Concern | Startup | Lazy (per-request, cached) |
When a | Server refuses to start (loud, ops-visible) | First request to the offending route fails (scattered, user-visible) |
When version-bump logs appear | All at boot, easy to grep | Scattered across the day's request logs |
When an unreachable DB blocks you | Boot | First request per collection |
First-request latency | Normal | Adds 1–2 round-trips on cold collection paths |
State predictability for ops | "Everything reconciled by the time the server is up" | "Each collection reconciles when someone first hits it" |
Consistency under parallel cold-starts | Single synchronous phase, no races | Two simultaneous first-requests can both attempt a bump |
The last row matters under load. Lazy reconciliation inside a request handler has a lost-update window where two concurrent first-requests both compute the same hash, both see "no match," and both try to bump — yielding either a duplicate-key error or a double-bump. Startup reconciliation runs once, before any request.
Where lazy (or a hybrid) would actually win — three configurations would flip the trade, none of which apply today:
- Serverless / edge / short-lived processes. Every cold start pays startup cost. For 20 collections at ~50 ms total, that's a meaningful slice of a 100 ms invocation budget. Byline's current target is a long-running Node process.

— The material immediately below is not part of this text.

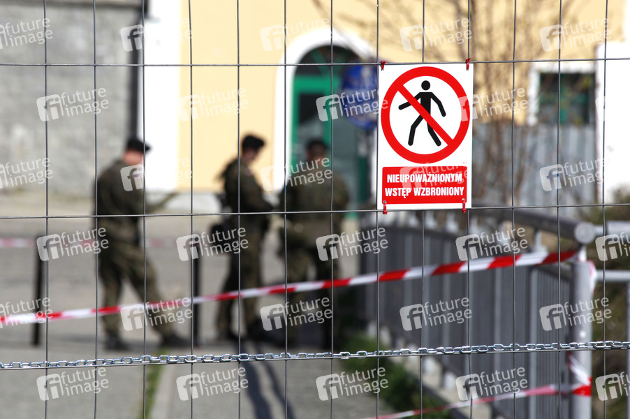 Polnische Soldaten am gesperrten Grenzübergang

- Hundreds or thousands of collections in a multi-tenant installation. At 500+ collections, even concurrent SELECTs get uncomfortable. Two better options at that scale: lazy DB reconciliation with synchronous in-memory fingerprinting at startup (catches authoring errors fail-fast without hitting the DB for unused schemas), or a "did anything change since last boot?" aggregate-hash check that reconciles individually only on a mismatch.
- Reconciliation starts doing expensive work. If Phase 2's history-table writes get large enough that bumping 20 collections on a redeploy is painful, selective or deferred reconciliation would win.

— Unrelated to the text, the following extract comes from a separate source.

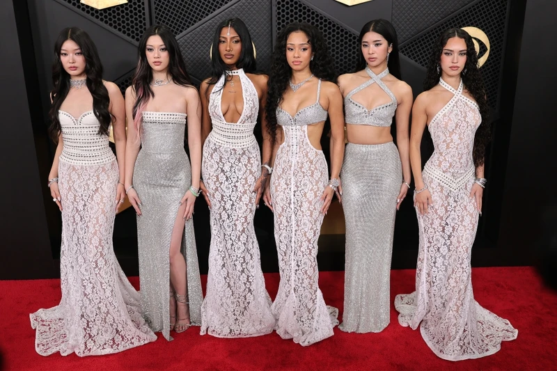 入圍本屆葛萊美「最佳新人」以及「最佳流行團體/組合」的KATSEYE全員以Ludovic De Saint Sernin透膚蕾絲與銀色系呼應的性感造型登上紅毯,展現團體魅力!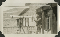 Mat Roy Thompson with telescope on Scotty's Castle Main House Gallery Porch, looking west. Circa 1930.

The Phase-1 code is structured so that dropping in a lazy or hybrid strategy later is a localised change — collectionRecords stays the contract; only the population strategy moves.
Fail-fast by default. A concrete benefit worth pulling out: startup reconciliation means a backwards version pin, a duplicate collection path, or an adapter mis-configuration fails the process before it accepts traffic. Operators find out during deploy, not during the first affected request. For a CMS where the blast radius of a silent schema desync is "every document written during the window is mis-stamped," that's the correct trade even before considering performance.
Current limitations
Recording the schema version is in place; reading by it is not. The boundary is:
- Reads ignore collection_version. A document written under v2 and loaded against a live v3 definition reconstructs against v3. A field v3 added is absent; a field v3 removed leaves orphaned store rows that are ignored; a renamed field reads as the old name orphaned and the new name absent. Materialising an old document against its original schema — and migrating it forward in memory — is not yet supported.
- schema_hash is nullable. The runtime invariant is that any row written after
ensureCollections()carries a hash; only rows predating the feature can legitimately beNULL. - Bootstrap is fail-fast, not fail-partial. If one collection throws (e.g. a backwards version pin), reconciliation rejects and the server refuses to start — other in-flight reconciliations may already have written. A partially-reconciled startup is deliberately treated as worse than no startup.
- initBylineCore is async. The webapp awaits it via top-level
awaitinbyline/server.config.ts; a non-Vite consumer would need to await explicitly.